Please return only the lines between the line with "Mud Pie Thanksgiving" and the final line of the entries, both included, and exclude pictures.

Records from a collection
____________________

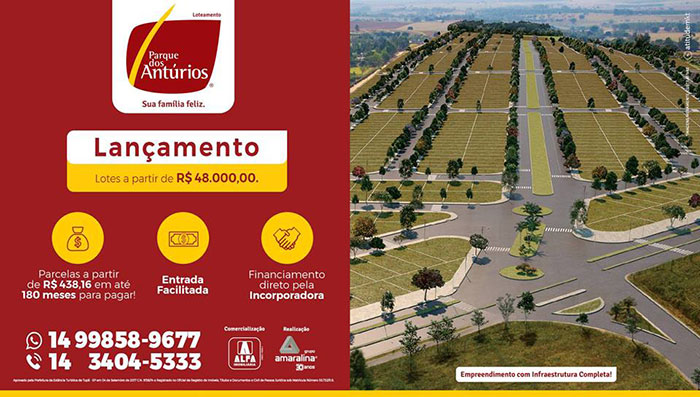 A exclusividade da venda é da Alfa Imobiliária, que atua no ramo imobiliário em Tupã há quase 25 anos com corretores experientes e capacitados. Nesta primeira fase, serão 327 lotes a partir de 200m². O lançamento acontece nos dias 29, 30 de novembro e 1 e 2 de dezembro. No próprio loteamento terá o plantão de vendas.
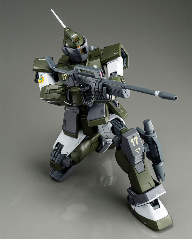 「MG 1/100 吉姆狙擊特裝型(Tenneth A. Jung 機)」以一般版本為基礎,將成形色替換為 Tenneth A. Jung 機特色的深綠基調,新規水貼紙中更包含「雙髻鯊個人標誌」等多種新標誌!武裝中除了R-4型狙擊步槍、二連發光束槍、光束噴槍、超絕火箭炮、折疊式手槍、盾牌、光束軍刀等豐富武裝外,也新增了此機長砲身、高精度的特色武器「L-3 光束狙擊步槍」。
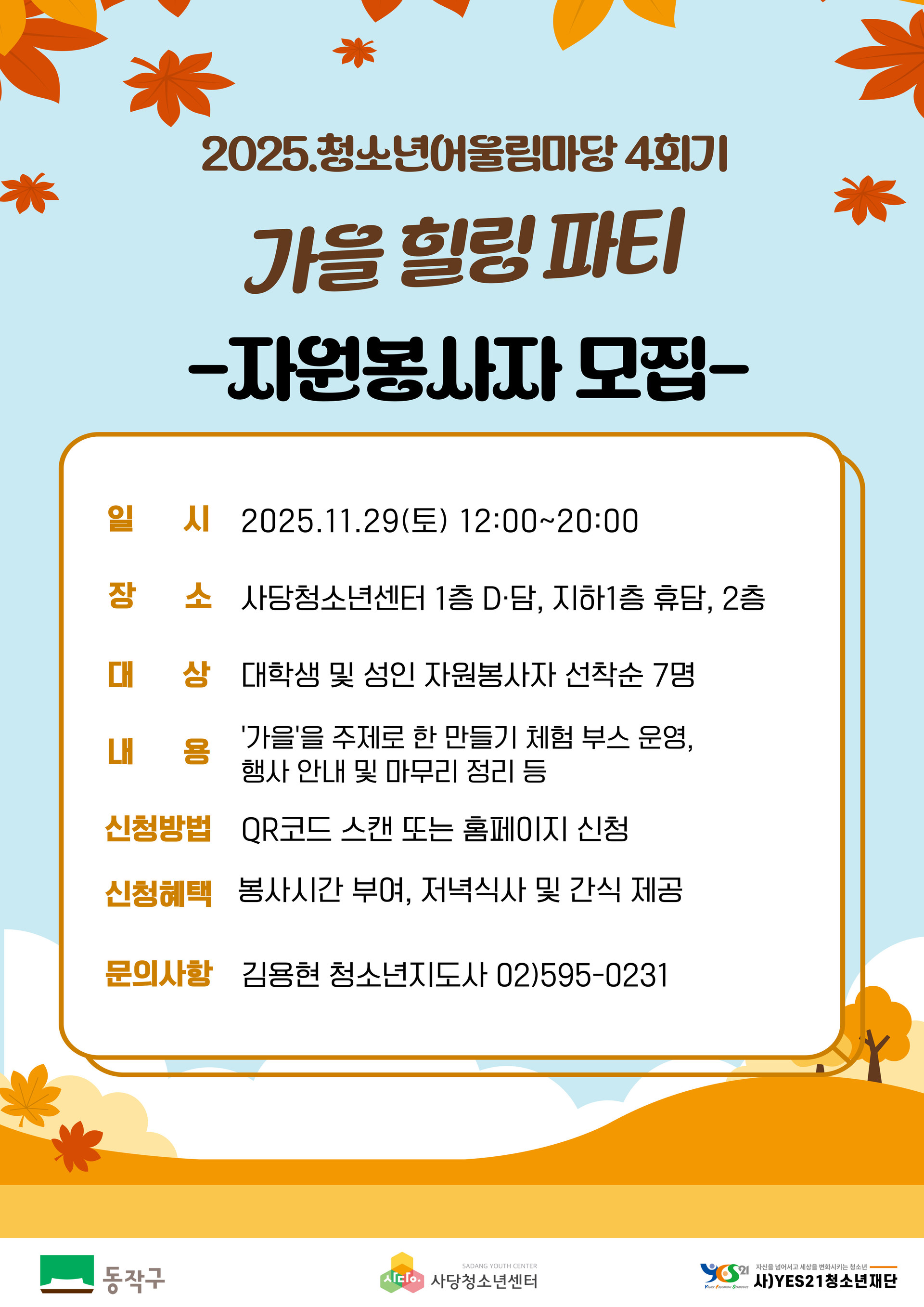 제공하신 정보는 사당청소년문화의집에서 운영하는 프로그램 사업 일정 안내 및 증빙서류 발급을 위해 사용됩니다.
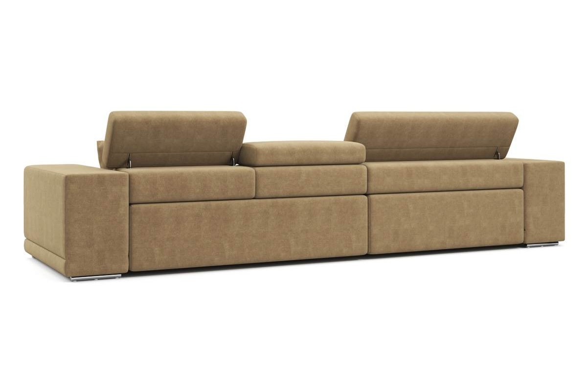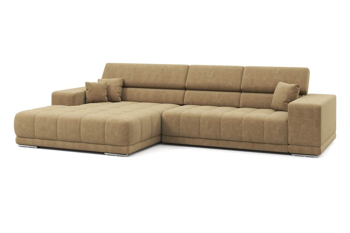 Угловой диван Satellite-S с широкой оттоманкой велюр бежевый 329х92х190 дерево артикул 10479279
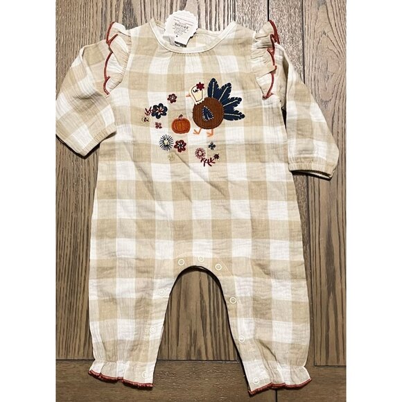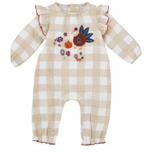 Mud Pie Thanksgiving turkey fall romper jumpsuit 6-9m NWT applique gingham
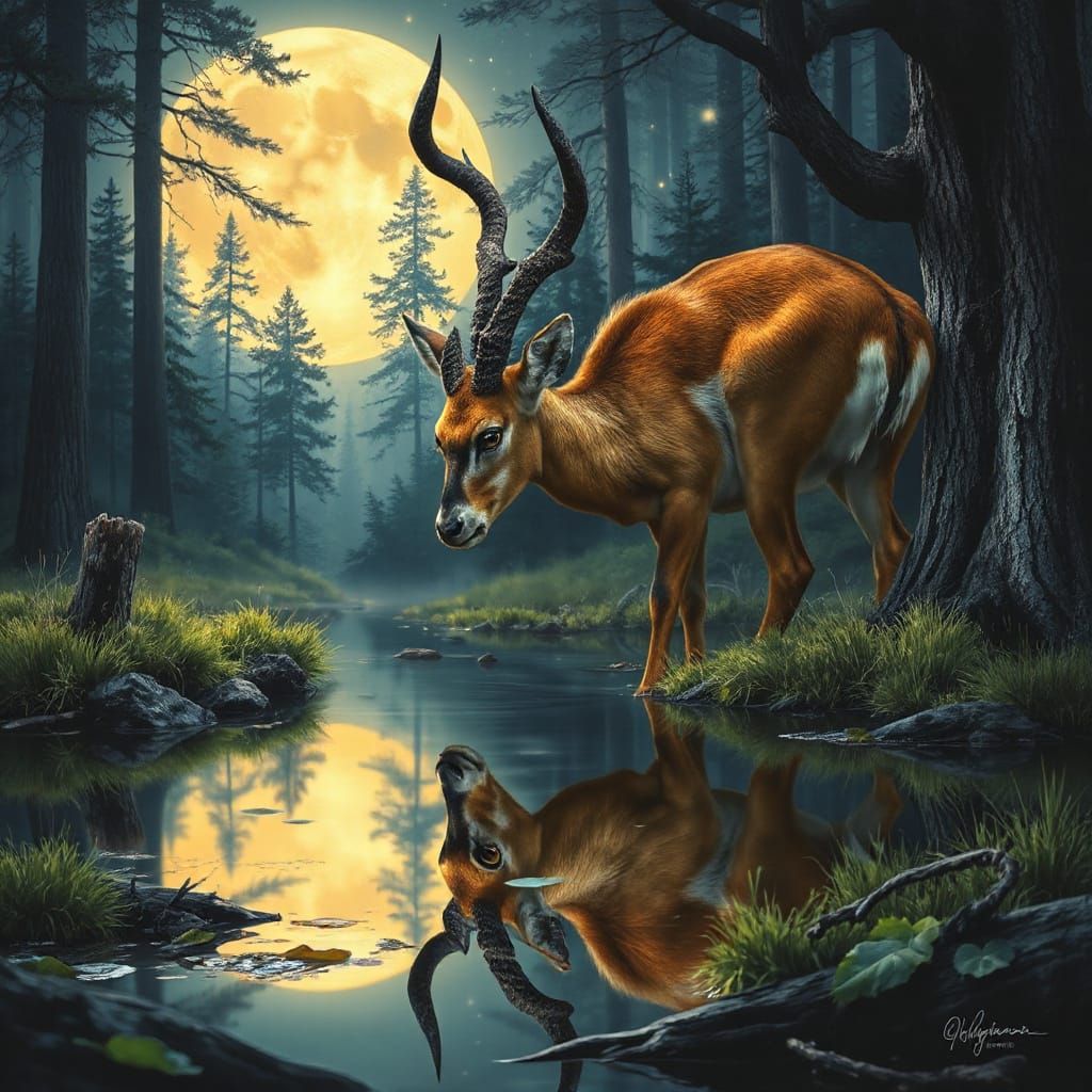 This image shows a blackbuck with tawny fur and striking yellow eyes, its reflection visible in the water as it drinks. The surrounding lush forest is depicted in vibrant detail with a dark fantasy aesthetic.

____________________

* Response box
 Mud Pie Thanksgiving turkey fall romper jumpsuit 6-9m NWT applique gingham
 This image shows a blackbuck with tawny fur and striking yellow eyes, its reflection visible in the water as it drinks. The surrounding lush forest is depicted in vibrant detail with a dark fantasy aesthetic.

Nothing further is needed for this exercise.